> **Activity**: Beginning with the line that holds "This is for", write out each line exactly as it stands until the end of the data, and include no pictures.

> **Supplied data**:
§

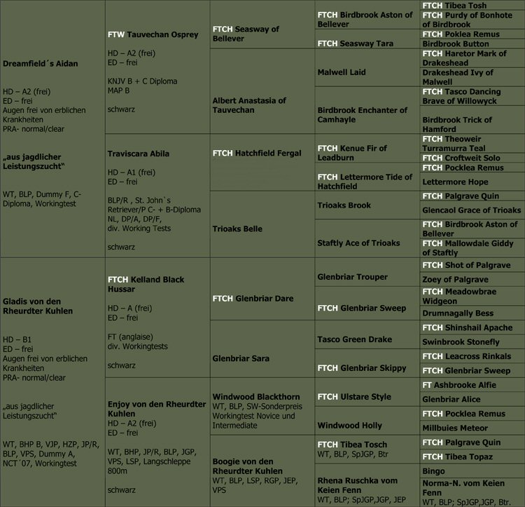 HD A2, ED 0/0 Augen frei 2/08, PRA-Frei (N/N) u.OptiGen clear über Eltern CNM-Gentest: clear / frei Formwert sehr gut Zuchtzulassung 3/07, tauglich für die
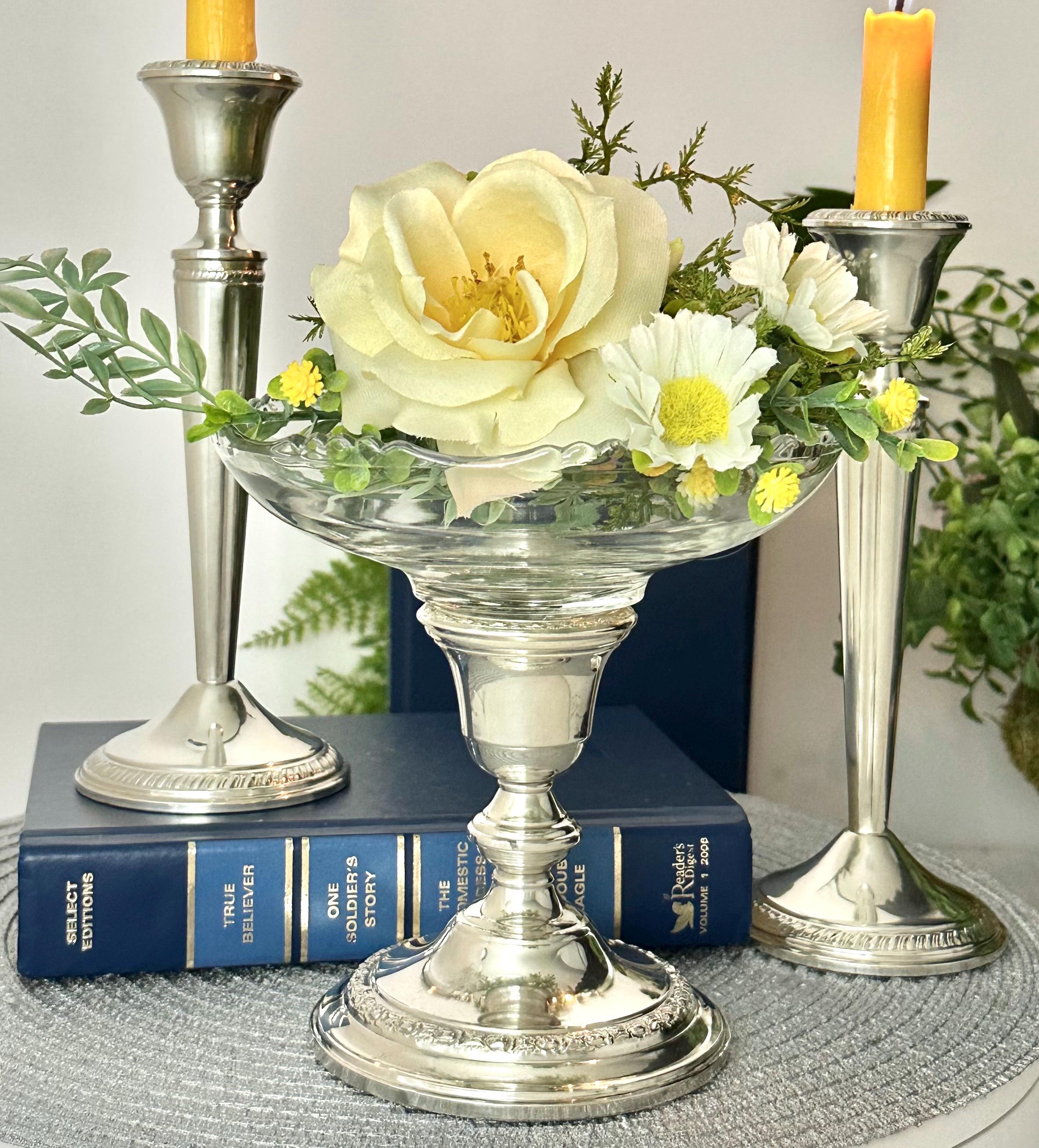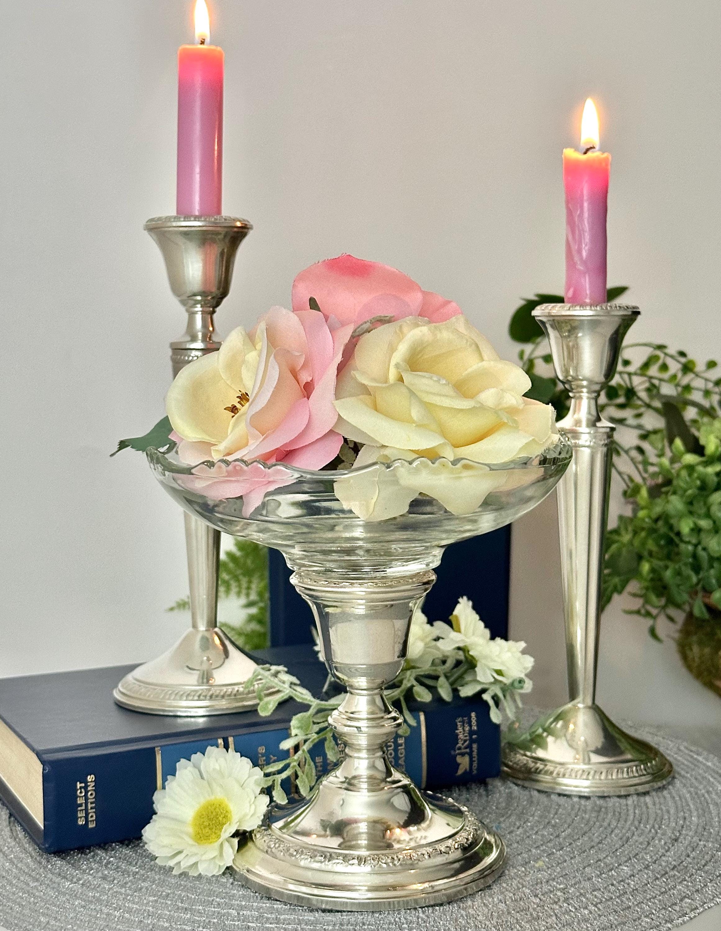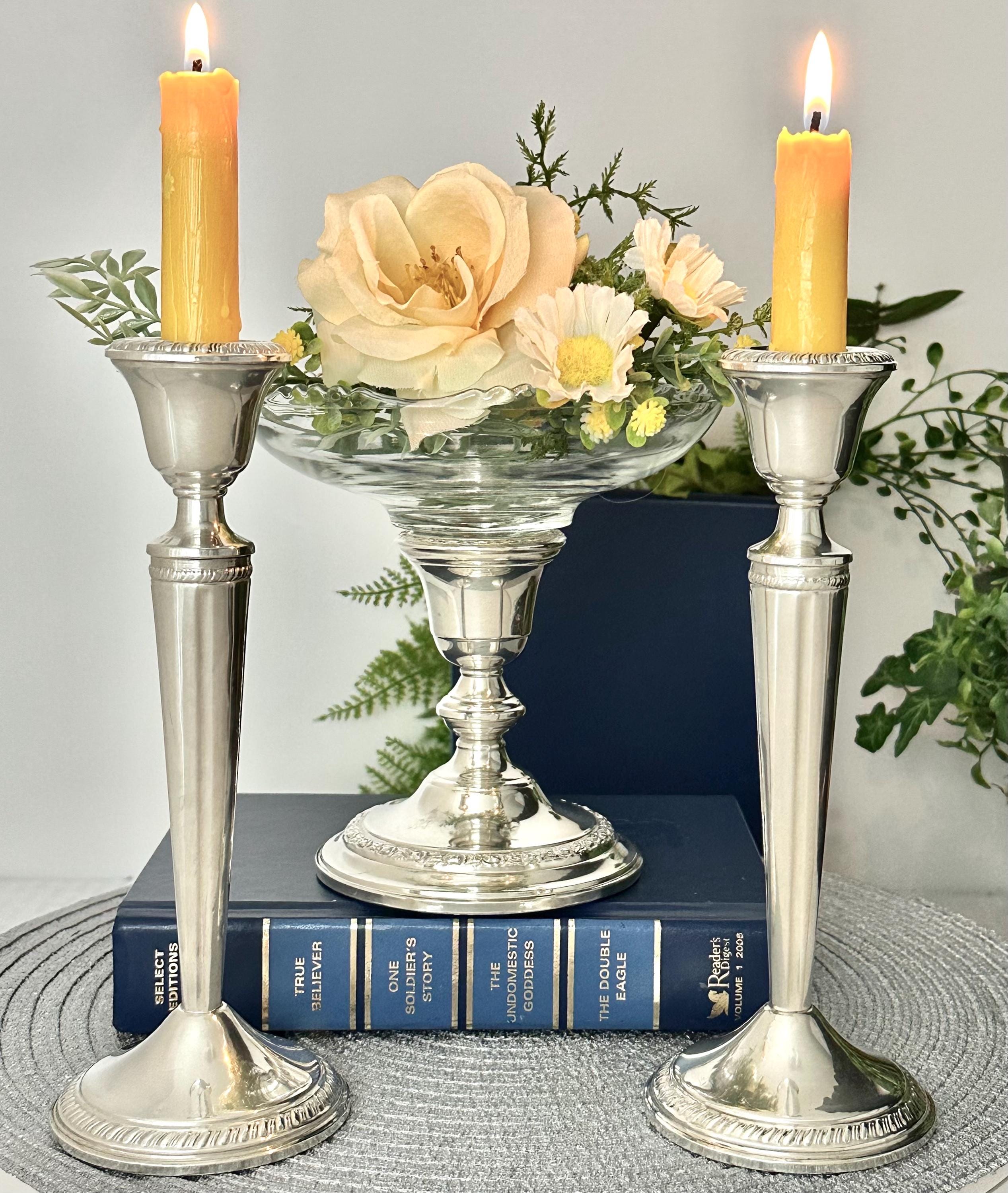 This is for 3 Vintage Sterling Silver candle holders by Crown Silver and Whiting Silver. All are crafted with a Victorian vintage styling. All 3 pieces are Crafted with .925 sterling silver. These console silver candlesticks are perfect for adding a touch of elegance to any space or dining table while the glass bowl can hold candles, candy to flowers. The glass bowl is removable so the third candle holder can also hold a taper dinner candle.
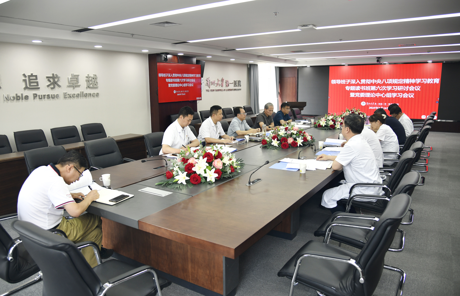 7月16日,兰州大学第一医院(第一临床医学院)组织召开领导班子深入贯彻中央八项规定精神学习教育专题读书班第六次学习研讨暨党委理论学习中心组专题学习(扩大)会议。
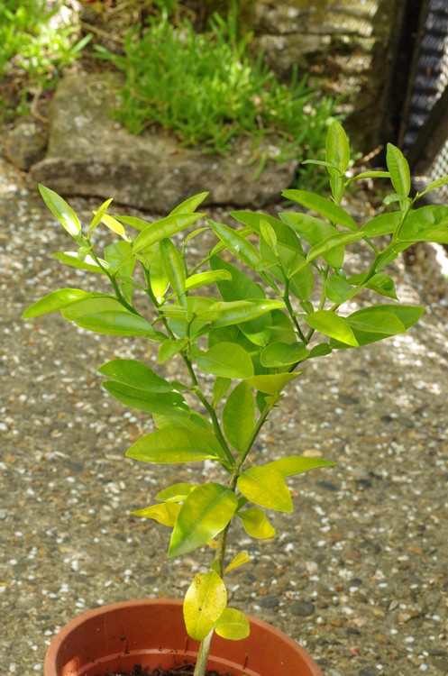 J'ai une autre question sur les agrumes, j'ai ce petit arbre 45 -50 cms issu d'un pépin, le problème pépin de quoi ? Pamplemousse je pense.

§

> **Written response**:
 This is for 3 Vintage Sterling Silver candle holders by Crown Silver and Whiting Silver. All are crafted with a Victorian vintage styling. All 3 pieces are Crafted with .925 sterling silver. These console silver candlesticks are perfect for adding a touch of elegance to any space or dining table while the glass bowl can hold candles, candy to flowers. The glass bowl is removable so the third candle holder can also hold a taper dinner candle.
 7月16日,兰州大学第一医院(第一临床医学院)组织召开领导班子深入贯彻中央八项规定精神学习教育专题读书班第六次学习研讨暨党委理论学习中心组专题学习(扩大)会议。
 J'ai une autre question sur les agrumes, j'ai ce petit arbre 45 -50 cms issu d'un pépin, le problème pépin de quoi ? Pamplemousse je pense.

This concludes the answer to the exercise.